Problem details
The pictures in the listing below are to be skipped, while the lines between the line holding "再比如进门的重工铸铝装甲门,水波纹双饰面门板,搭配智能六合一门锁。" and the line holding "Its silhouette is", inclusive, are to be output exactly.

Task inputs
_ _ _ _ _
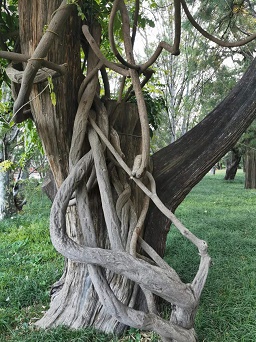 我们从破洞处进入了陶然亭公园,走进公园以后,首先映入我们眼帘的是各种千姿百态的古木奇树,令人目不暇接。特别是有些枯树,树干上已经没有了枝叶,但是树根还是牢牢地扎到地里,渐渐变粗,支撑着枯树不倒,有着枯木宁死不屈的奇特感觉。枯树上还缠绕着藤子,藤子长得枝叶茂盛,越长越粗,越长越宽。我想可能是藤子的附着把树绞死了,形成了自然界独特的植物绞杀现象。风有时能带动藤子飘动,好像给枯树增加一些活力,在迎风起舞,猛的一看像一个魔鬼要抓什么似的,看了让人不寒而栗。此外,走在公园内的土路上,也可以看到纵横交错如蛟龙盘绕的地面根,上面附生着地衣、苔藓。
_ _ _ _ _
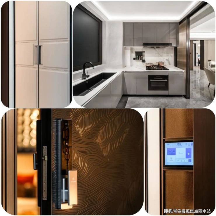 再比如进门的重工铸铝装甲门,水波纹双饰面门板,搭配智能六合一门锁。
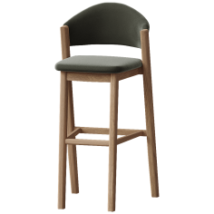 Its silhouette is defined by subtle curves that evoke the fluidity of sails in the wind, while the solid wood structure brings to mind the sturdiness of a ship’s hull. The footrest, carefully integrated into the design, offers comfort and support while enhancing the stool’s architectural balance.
_ _ _ _ _
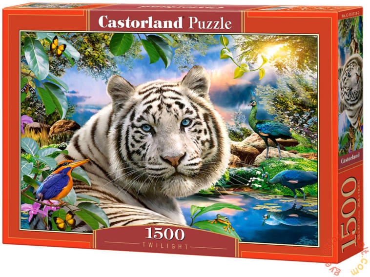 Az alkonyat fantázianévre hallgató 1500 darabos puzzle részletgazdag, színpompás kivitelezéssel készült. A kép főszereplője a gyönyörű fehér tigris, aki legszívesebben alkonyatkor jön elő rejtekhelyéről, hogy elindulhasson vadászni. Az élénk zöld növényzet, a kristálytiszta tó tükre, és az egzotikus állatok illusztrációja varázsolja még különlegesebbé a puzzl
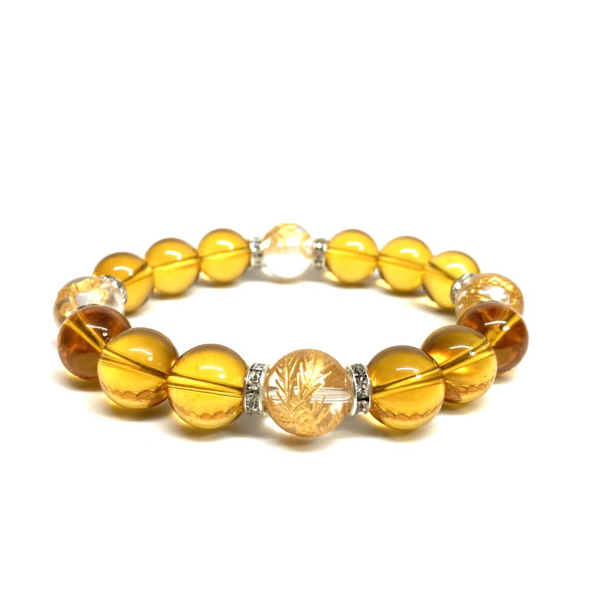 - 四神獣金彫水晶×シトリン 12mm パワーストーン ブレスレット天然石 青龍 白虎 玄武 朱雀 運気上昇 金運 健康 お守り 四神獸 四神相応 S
_ _ _ _ _
Solution to the exercise
 再比如进门的重工铸铝装甲门,水波纹双饰面门板,搭配智能六合一门锁。
 Its silhouette is defined by subtle curves that evoke the fluidity of sails in the wind, while the solid wood structure brings to mind the sturdiness of a ship’s hull. The footrest, carefully integrated into the design, offers comfort and support while enhancing the stool’s architectural balance.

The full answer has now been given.